Dmitry Vyal | 17 Oct 09:07 2012
Picon

poor performance when generating random text

Hello anyone

I've written a snippet which generates a file full of random strings. 
When compiled with -O2 on ghc-7.6, the generation speed is about 2Mb per 
second which is on par with interpreted php. That's the fact I find 
rather disappointing. Maybe I've missed something trivial? Any 
suggestions and explanations are welcome. :)

% cat ext_sort.hs
import qualified Data.Text as T
import System.Random
import Control.Exception
import Control.Monad

import System.IO
import qualified Data.Text.IO as TI

gen_string g = let (len, g') = randomR (50, 450) g
                in T.unfoldrN len rand_text (len, g')
  where rand_text (0,_) = Nothing
        rand_text (k,g) = let (c, g') = randomR ('a','z') g
                          in Just (c, ((k-1), g'))

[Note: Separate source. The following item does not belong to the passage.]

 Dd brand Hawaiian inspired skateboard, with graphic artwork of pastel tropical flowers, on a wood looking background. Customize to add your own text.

write_corpus file = bracket (openFile file WriteMode) hClose $ \h -> do
   let size = 100000
   sequence $ replicate size $ do
     g <- newStdGen
     let text = gen_string g
     TI.hPutStrLn h text

(Continue reading)

Gregory Collins | 17 Oct 09:36 2012
Picon

Re: poor performance when generating random text

System.Random is very slow. Try the mwc-random package from Hackage.

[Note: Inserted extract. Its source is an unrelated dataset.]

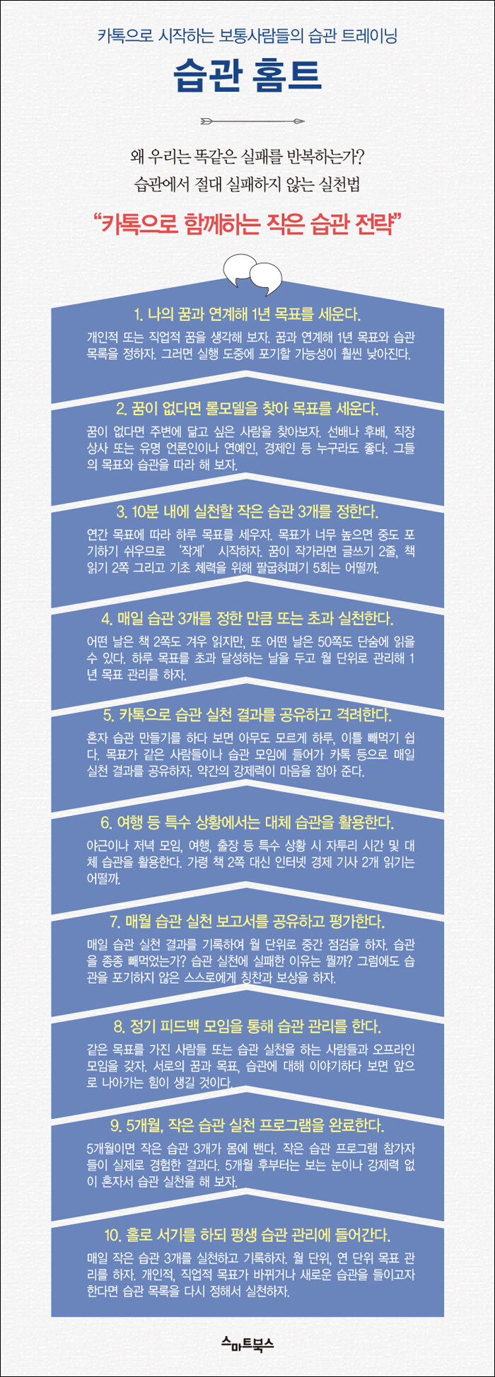 -카톡으로 함께하는 작은 습관 전략그러면 어떤 습관을 어떻게 들여야 할까? 우리는 매년 ‘올해 목표는 금연이다’, ‘결단코 다이어트다’, ‘영어 회화 마스터다’를 외치지만, 대부분 작심삼일이다. 1개월 혹은 3개월 고비를 넘기지 못한다. 어린 시절부터 거듭된 습관(새해 다짐) 실패의 경험은, 언제부턴가 습관을 ‘말이 쉽지, 사실은 어려운 것’이라며 멀리하게 해 버렸다.

On Wed, Oct 17, 2012 at 9:07 AM, Dmitry Vyal <akamaus <at> gmail.com> wrote:
Hello anyone

I've written a snippet which generates a file full of random strings. When compiled with -O2 on ghc-7.6, the generation speed is about 2Mb per second which is on par with interpreted php. That's the fact I find rather disappointing. Maybe I've missed something trivial? Any suggestions and explanations are welcome. :)

% cat ext_sort.hs
import qualified Data.Text as T
import System.Random
import Control.Exception
import Control.Monad

import System.IO
import qualified Data.Text.IO as TI

gen_string g = let (len, g') = randomR (50, 450) g
               in T.unfoldrN len rand_text (len, g')
 where rand_text (0,_) = Nothing
       rand_text (k,g) = let (c, g') = randomR ('a','z') g
                         in Just (c, ((k-1), g'))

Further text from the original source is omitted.